** SOURCE DATA follows **

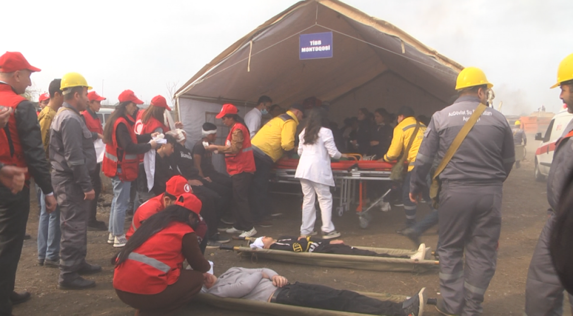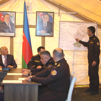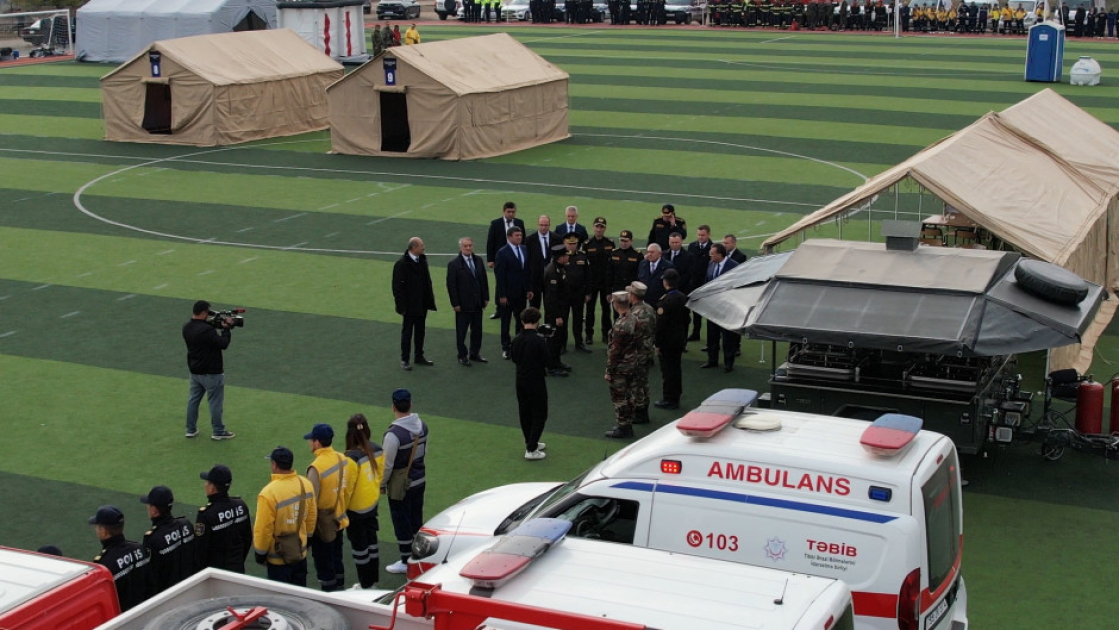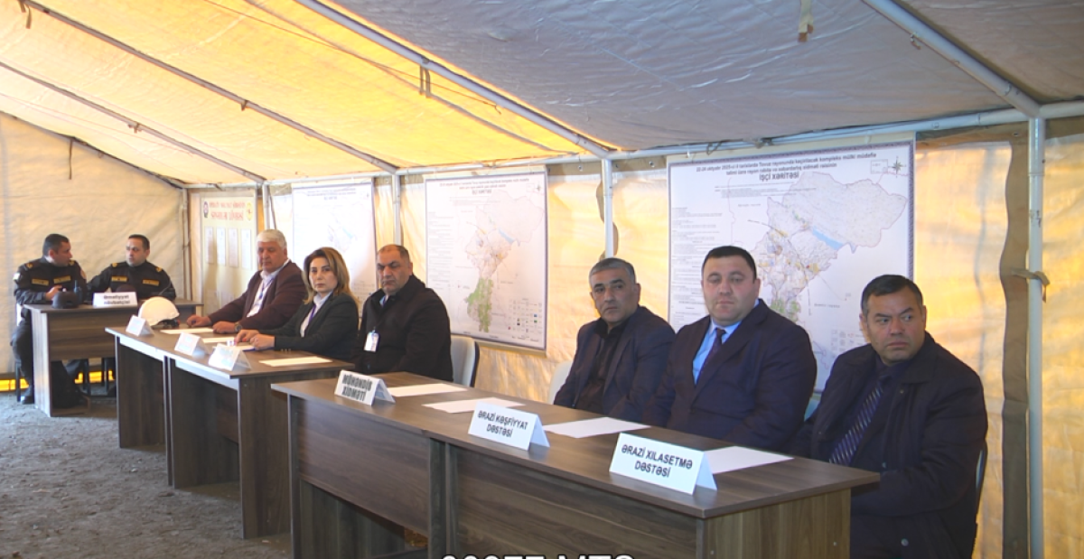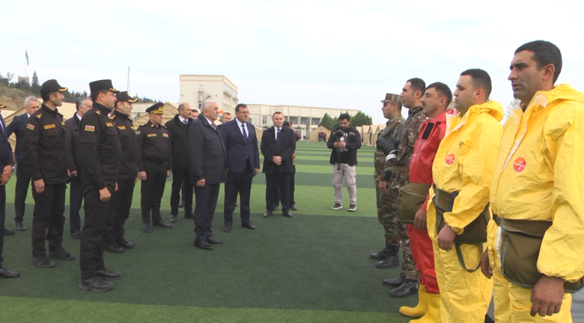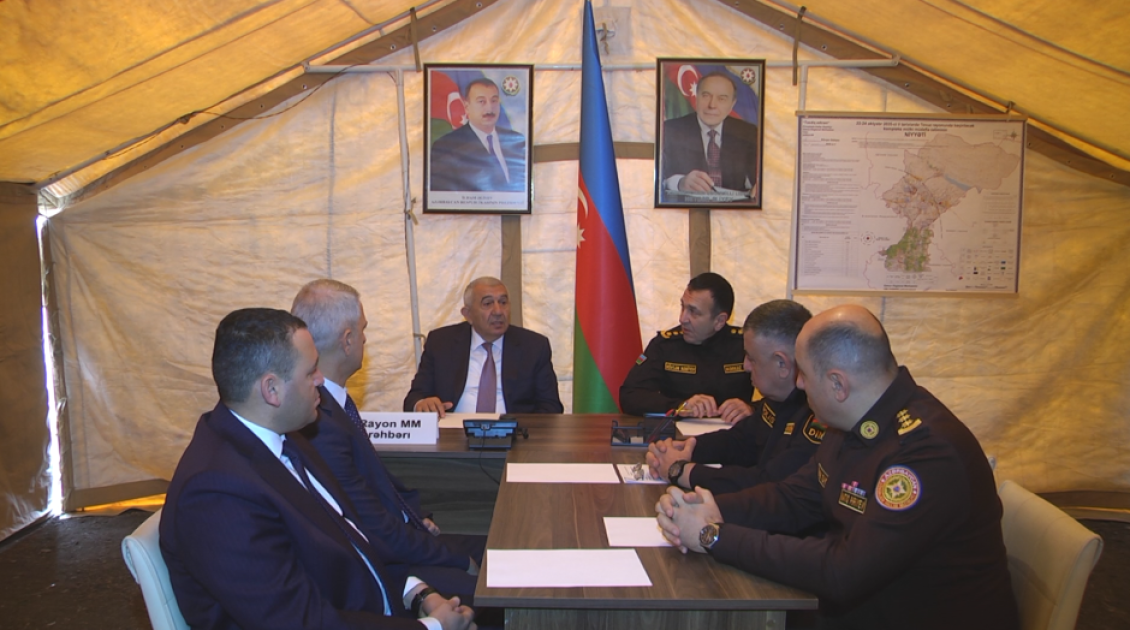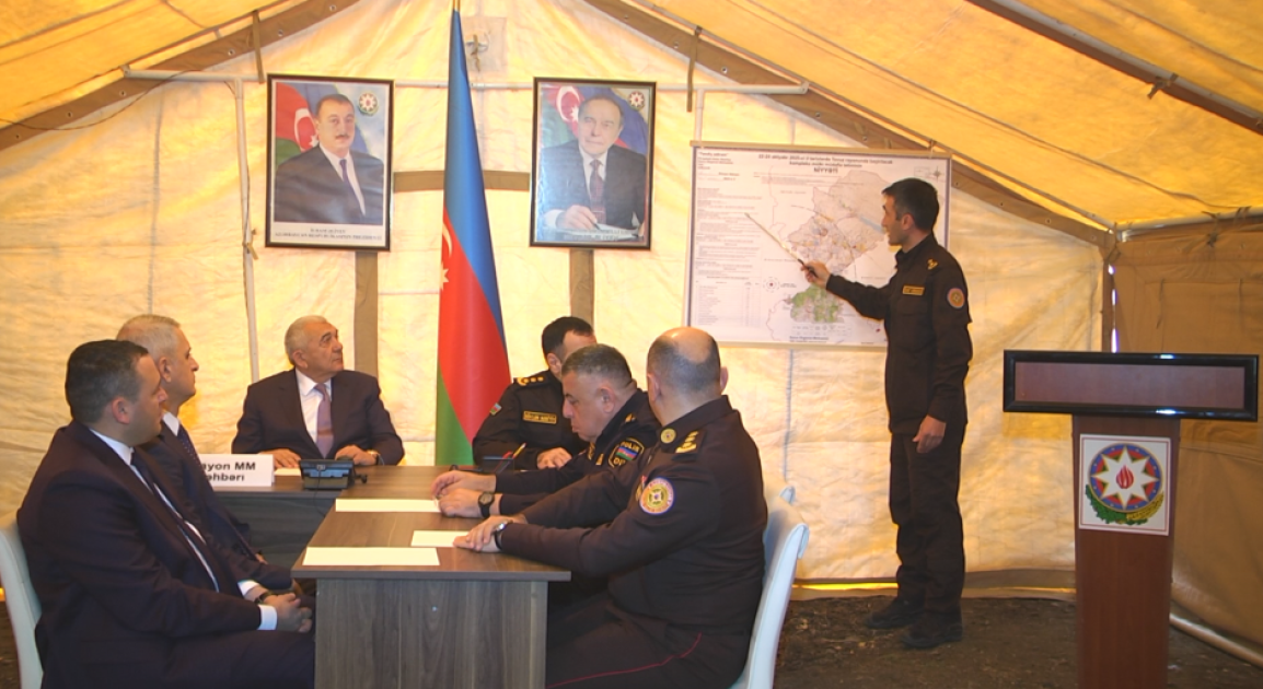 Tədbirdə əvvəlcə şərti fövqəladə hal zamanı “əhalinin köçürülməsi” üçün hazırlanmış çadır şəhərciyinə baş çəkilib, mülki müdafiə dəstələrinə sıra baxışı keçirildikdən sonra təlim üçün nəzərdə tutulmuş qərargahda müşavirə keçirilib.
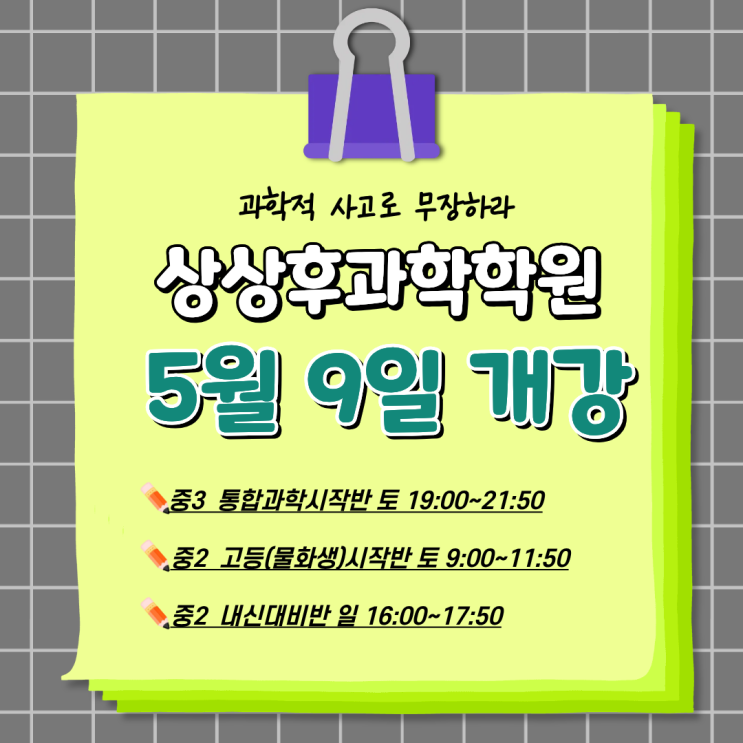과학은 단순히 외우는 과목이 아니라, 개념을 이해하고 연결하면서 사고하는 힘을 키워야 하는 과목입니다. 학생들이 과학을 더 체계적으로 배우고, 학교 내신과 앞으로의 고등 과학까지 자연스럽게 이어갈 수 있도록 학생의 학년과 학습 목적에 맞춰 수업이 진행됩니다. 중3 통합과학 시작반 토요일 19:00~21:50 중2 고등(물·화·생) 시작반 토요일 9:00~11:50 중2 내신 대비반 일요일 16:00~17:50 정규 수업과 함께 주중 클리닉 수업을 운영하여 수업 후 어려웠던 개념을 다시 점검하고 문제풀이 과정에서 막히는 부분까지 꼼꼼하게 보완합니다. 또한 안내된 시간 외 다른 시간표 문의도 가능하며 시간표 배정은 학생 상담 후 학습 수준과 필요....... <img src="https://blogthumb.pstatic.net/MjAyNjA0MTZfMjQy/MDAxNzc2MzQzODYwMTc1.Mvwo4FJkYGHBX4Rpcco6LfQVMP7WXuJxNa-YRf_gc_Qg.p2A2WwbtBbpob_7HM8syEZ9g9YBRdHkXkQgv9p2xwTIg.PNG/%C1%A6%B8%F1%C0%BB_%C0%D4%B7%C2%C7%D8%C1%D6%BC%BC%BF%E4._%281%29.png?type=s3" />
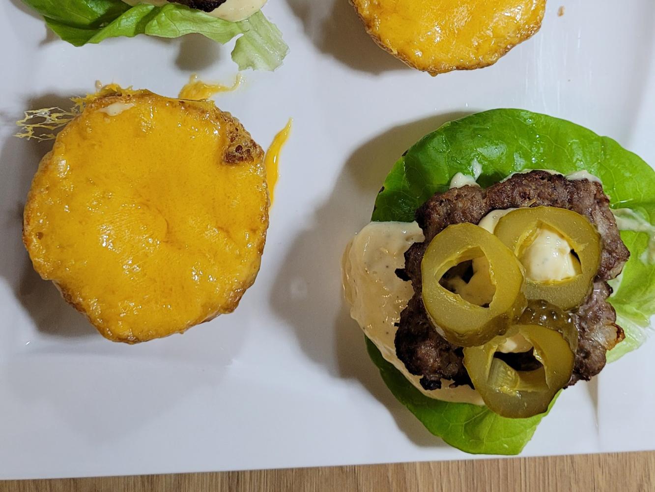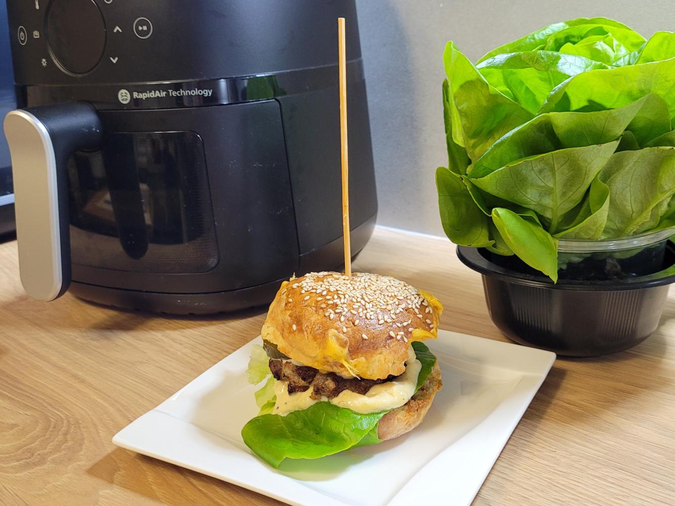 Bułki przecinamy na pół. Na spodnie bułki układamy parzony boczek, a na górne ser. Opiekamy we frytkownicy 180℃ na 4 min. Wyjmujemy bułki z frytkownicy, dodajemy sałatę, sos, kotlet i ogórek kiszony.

** End of SOURCE DATA **

▸ WHAT YOU ARE ASKED TO DO
Reproduce all the material exactly, omitting images.

▸ RESULT FOR THIS TASK
 Tədbirdə əvvəlcə şərti fövqəladə hal zamanı “əhalinin köçürülməsi” üçün hazırlanmış çadır şəhərciyinə baş çəkilib, mülki müdafiə dəstələrinə sıra baxışı keçirildikdən sonra təlim üçün nəzərdə tutulmuş qərargahda müşavirə keçirilib.
과학은 단순히 외우는 과목이 아니라, 개념을 이해하고 연결하면서 사고하는 힘을 키워야 하는 과목입니다. 학생들이 과학을 더 체계적으로 배우고, 학교 내신과 앞으로의 고등 과학까지 자연스럽게 이어갈 수 있도록 학생의 학년과 학습 목적에 맞춰 수업이 진행됩니다. 중3 통합과학 시작반 토요일 19:00~21:50 중2 고등(물·화·생) 시작반 토요일 9:00~11:50 중2 내신 대비반 일요일 16:00~17:50 정규 수업과 함께 주중 클리닉 수업을 운영하여 수업 후 어려웠던 개념을 다시 점검하고 문제풀이 과정에서 막히는 부분까지 꼼꼼하게 보완합니다. 또한 안내된 시간 외 다른 시간표 문의도 가능하며 시간표 배정은 학생 상담 후 학습 수준과 필요....... <img src="https://blogthumb.pstatic.net/MjAyNjA0MTZfMjQy/MDAxNzc2MzQzODYwMTc1.Mvwo4FJkYGHBX4Rpcco6LfQVMP7WXuJxNa-YRf_gc_Qg.p2A2WwbtBbpob_7HM8syEZ9g9YBRdHkXkQgv9p2xwTIg.PNG/%C1%A6%B8%F1%C0%BB_%C0%D4%B7%C2%C7%D8%C1%D6%BC%BC%BF%E4._%281%29.png?type=s3" />
 Bułki przecinamy na pół. Na spodnie bułki układamy parzony boczek, a na górne ser. Opiekamy we frytkownicy 180℃ na 4 min. Wyjmujemy bułki z frytkownicy, dodajemy sałatę, sos, kotlet i ogórek kiszony.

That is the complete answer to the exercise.